Дело в том, что теперь нужно было заканчивать письмо к матери, получаса на это вполне хватило бы, но было мало, чтобы вновь обрести настроение, веру, делающие письмо необходимым. А письмо оставалось лишь подписать и вложить в конверт. Потому что помнил его:
«…право же, ничуть не опасно. Что умею летать, я знал еще до того, как прибыл сюда, в совместных полетах проявил себя неплохо, и даже капитан Брайдсмен признает, что в воздухе я особой угрозы для жизни не представляю, так что, может, когда обживусь тут, буду представлять кой-какую ценность для эскадрильи».
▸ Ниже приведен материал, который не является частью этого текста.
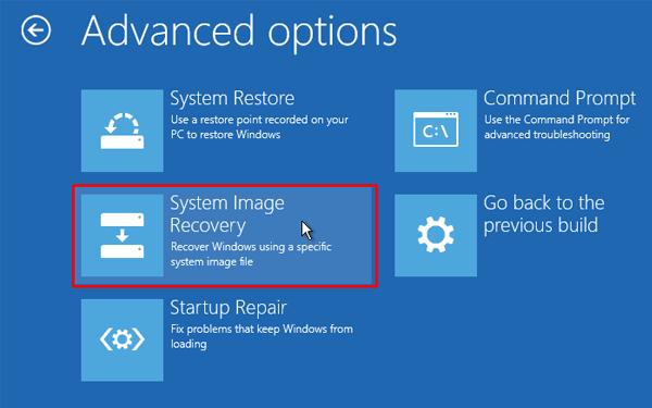 After that, go to Troubleshoot -> Advanced Options -> System Image Recovery.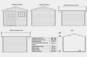 Zahradní domek 286x286 cm,dvojité prosklené dveře, okno,sedlová střecha.Síla stěny 28 mm.
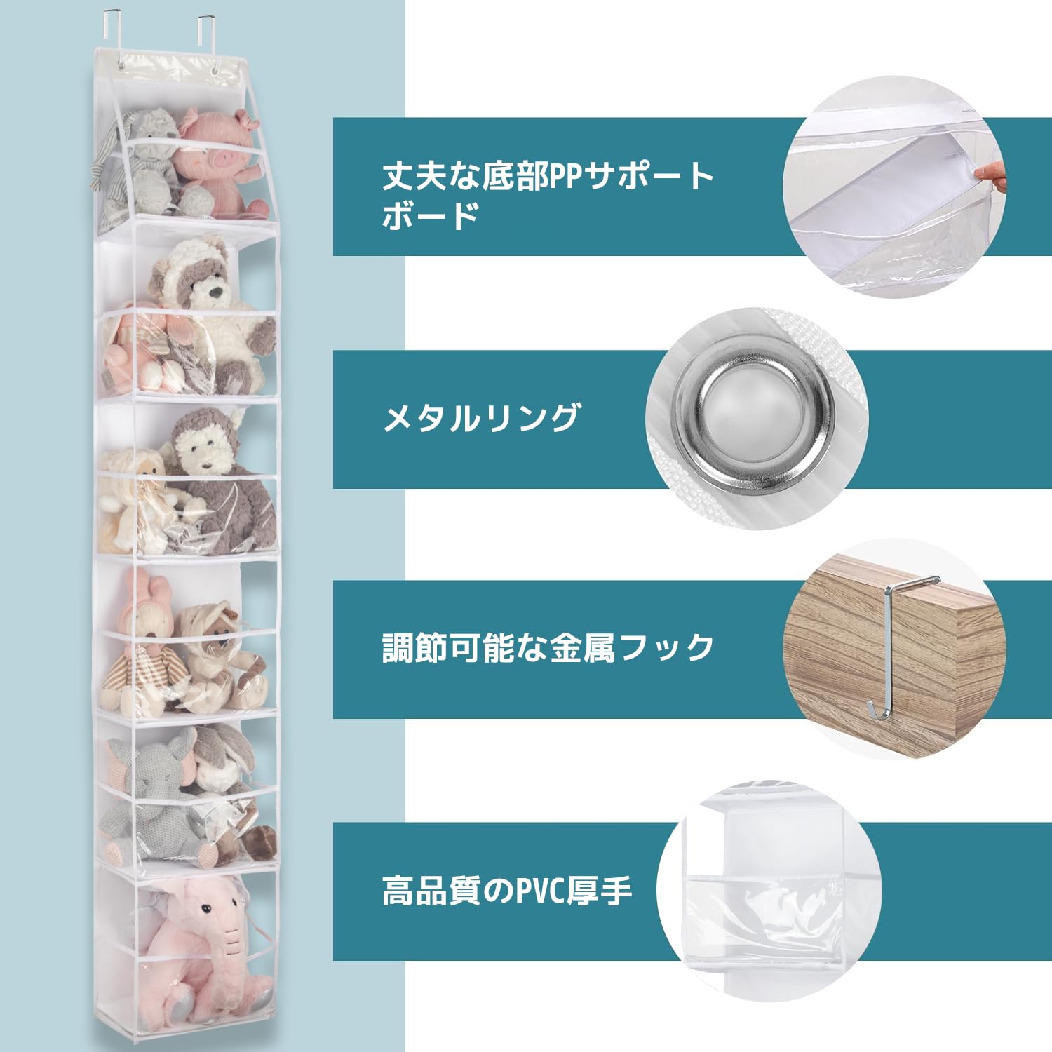 ?安全、高品質の素材?サイズ: 160*30*15cm。当社のドア掛けぬいぐるみ収納は、完全に透明なPVC素材で作られています。防水、無臭、無毒、すべて安全です。省スペース、広々とした収納と整理スペース、家のほぼすべての部屋に適しています。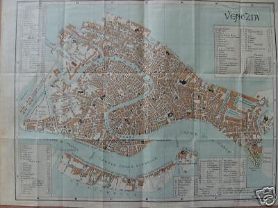 **Venezia** Bella e interessante antica mappa topografica della celebre città veneta, con i suoi numerosi canali, e gli innumerevoli palazzi e altri siti di interesse storico artistico monumentale e turistico...la Piazza d'Armi, la Giudecca, il Canal Grande, l'Isola di S. Giorgio, le darsene, la stazione,... Grandi dimensioni, misura cm. 36,5x47,5 circa (intero foglio, compresi i margini bianchi irregolari e diseguali); impressa da Treves (Milano), probabilmente tratta da una antica guida storico-turistica o di viaggio in Italia della fine dell'800. **     ** **Decorativa e da collezione!** *Buona conservazione generale, segni e difetti d'uso e d'epoca, inevitabili numerose piegature, sgualciture o strappetti marginali; degna di essere montata sotto passpartout ed incorniciata.*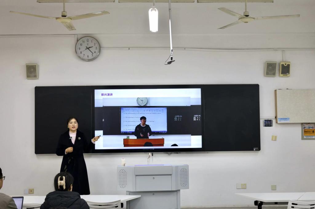 为了将课程思政元素更好的融入课堂教学,进一步提高英语课堂综合教学效果,外国语学院于11月15号下午在4108教室举办了第18期教学沙龙活动。本次沙龙活动主题为“课程思政视域下《高级综合英语》教学创新与实践”,由外国语学院丁爱群老师主讲。施正荣副校长和全体外国语学院领导也参加了此次观摩活动,活动由外国语学院王善江副院长主持。
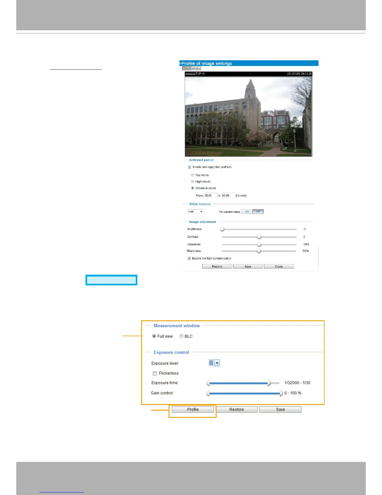 On this page, you can set the Measurement window, Exposure level, Exposure time, and Gain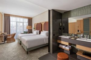 • Двухместный номер Deluxe Twin - уютный островок спокойствия на берегу Черного моря.Мы создали утонченный аутентичный дизайн, а также позаботились о том, чтобы каждая деталь в номере соответствовала самым высоким ожиданиям. Балкон с видом на бассейн – идеальное место для принятия солнечных ванн или приятного времяпровождения в кругу семьи. Неповторимая атмосфера и качественный отдых ждут вас! В номерах косметика от бренда Acqua Di Parma.В номере 2 основных места. Возможно дополнительно разместить одного ребенка до 5 лет включительно на имеющихся в номере местах бесплатно. Для детей более младшего возраста предоставляется детская кроватка.В номере две односпальные кровати.На парковке отеля предусмотрены зарядные станции для электрических автомобилей, обеспечивая удобное и быстрое пополнение заряда для всех владельцев электромобилей.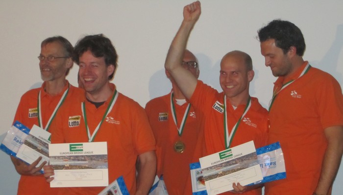 Anton Maas (cpt), Ton Bakkeren (coach) Bart Nab, Tim Verbeek, Danny Molenaar, Bob Drijver Christer Kristoffersen er en lokal bridgeinteressert laksefisker. Han var lovende ved bridgebordet på 90-tallet, men som laksefisker er han i følge mine kilder magisk. Han er også levende opptatt av å ta vare på villaksen i norske elver og da uttykker han i kommentarfelltet at han synes det er underlig av premiene i EM er giftig oppdrettslaks.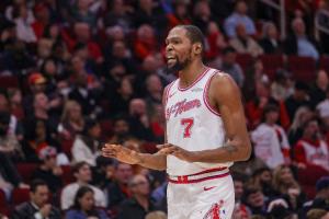 在12月份,杜蘭特合計(jì)出戰(zhàn)13場(chǎng)比賽(全勤),場(chǎng)均26.6分5籃板5.4助攻1.3蓋帽,三項(xiàng)命中率分別是55%、49.2%和90.0%,正負(fù)值合計(jì)+79。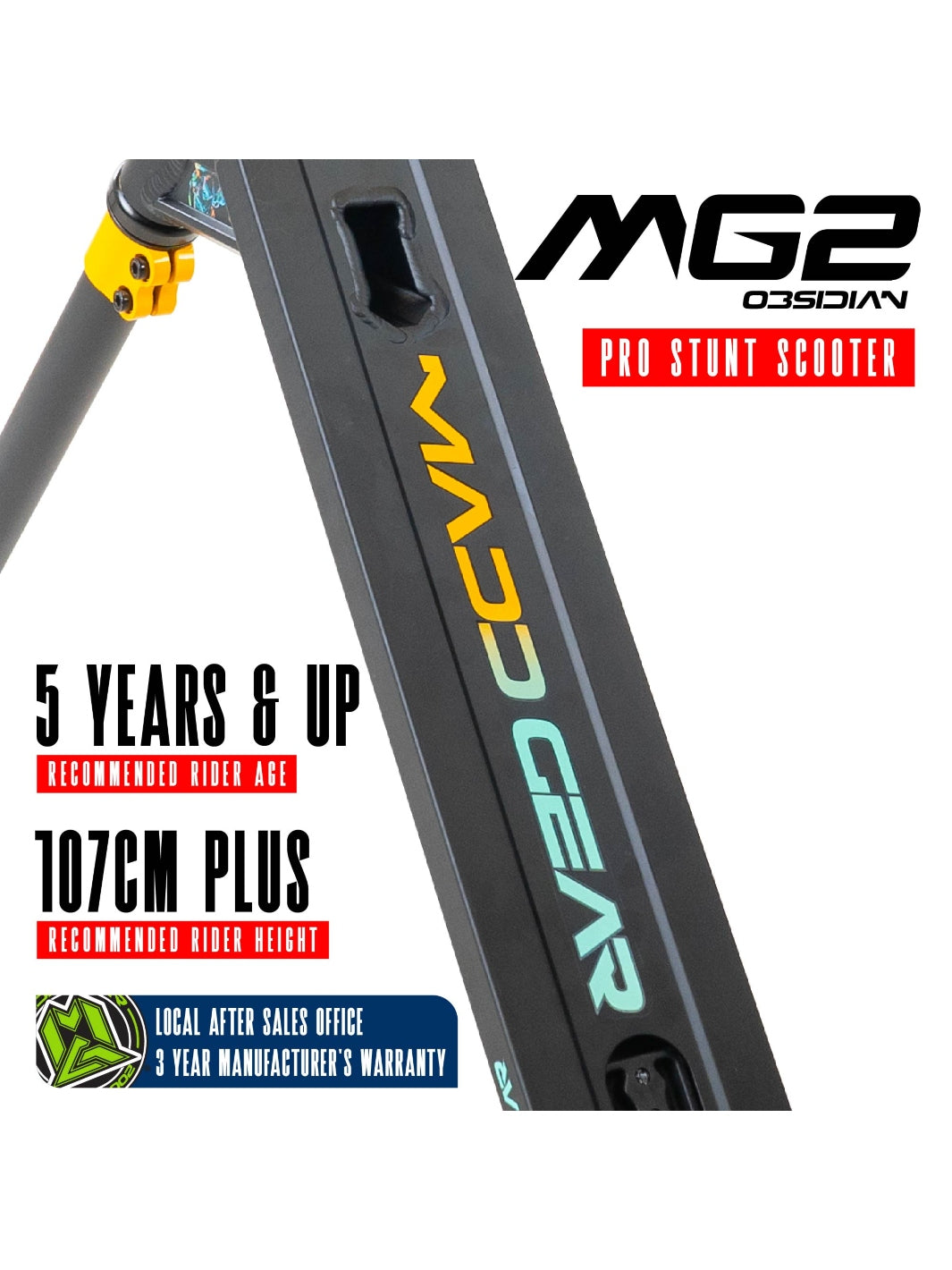 The Madd Gear MG2 Obsidian Pro Scooter is designed to be the ultimate ride for kids 5 years and up who are ready to shred at their local skatepark. Whether you're learning your first tricks or refining your skills, this scooter is built tough to handle everyday stunt riding.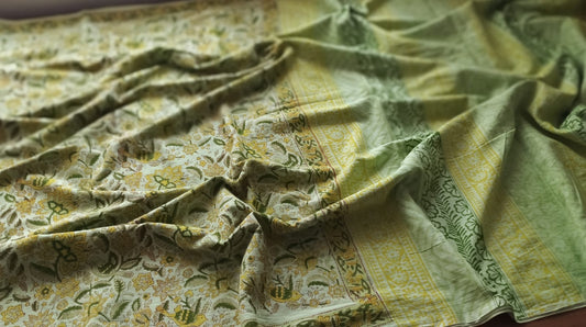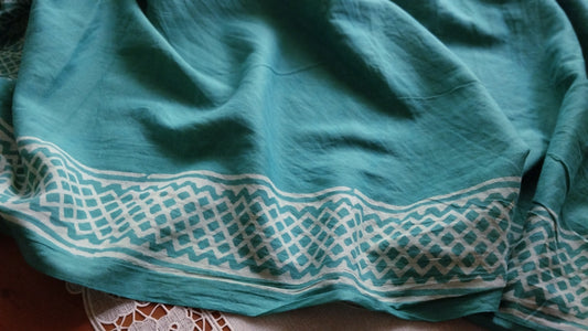 Soft hand printed premium teal green mulmul cotton saree with blouse

И что еще можно было добавить? Что еще сказать женщине, не только женщине, но и единственной матери-полусироте? Разумеется, все обстояло наоборот, но каждый понял бы, что он имел в виду; кто знает — возможно, кто-то мог бы даже предложить постскриптум, например такой:
«P. S. Над тобой великолепно подшутили: позавчера в полдень объявлено перемирие, и, если б ты знала об этом, могла бы совершенно не волноваться до трех часов сегодняшнего дня, два вечера с чистой совестью ходить на чаепитие, как, хочется думать, ты и поступила и даже оставалась на обед, однако, надеюсь, помнила, что от шерри у тебя портится цвет лица».
Только времени не было даже на это. Послышался шум двигателей; выглянув, он увидел перед ангаром три аэроплана, двигатели их работали, механики суетились, и у закрытой двери ангара снова стоял часовой. Потом он заметил незнакомый штабной автомобиль на зеленой лужайке рядом с канцелярией, написал под письмом «любящий тебя Дэвид», сложил его, заклеил конверт и снова, сидя в столовой, увидел, как денщик майора тащит к канцелярии охапку летной экипировки, подумал, что Брайдсмен не высовывал оттуда носа, но тут же увидел Брайдсмена выходящим из ангара, уже одетого к вылету, следовательно, та экипировка принадлежала не ему. Потом дверь столовой отворилась, Брайдсмен вошел со словами: «А ну, быстро…», — и умолк, потому что все уже было при нем: карты, перчатки, шарф, пистолет в наколенном кармане комбинезона. Они вышли и направились к аэропланам, стоящим перед ангаром звена В.
— Всего три, — сказал он. — Кто еще летит?
— Майор, — ответил Брайдсмен.
— А… — сказал он. — Почему он выбрал меня?
— Не знаю. Видимо, наугад. Если хочешь, могу тебя заменить. Мне все равно. По-моему, он действительно выбрал тебя наугад.
— Зачем мне хотеть этого? — спросил он. Потом сказал: — Я подумал… — и умолк.
— Что подумал? — спросил Брайдсмен.
— Ничего, — ответил он. Потом сказал, сам не зная зачем: — Я подумал, что майор как-то узнал об этом и, когда ему потребовался кто-нибудь из новичков, вспомнил обо мне… — И рассказал: в то утро, когда ему было положено стажироваться, очевидно, летать на постоянной высоте, он провел сорок или пятьдесят секунд с незаряженными пулеметами над немецкими позициями или тем, что принял за позиции немцев.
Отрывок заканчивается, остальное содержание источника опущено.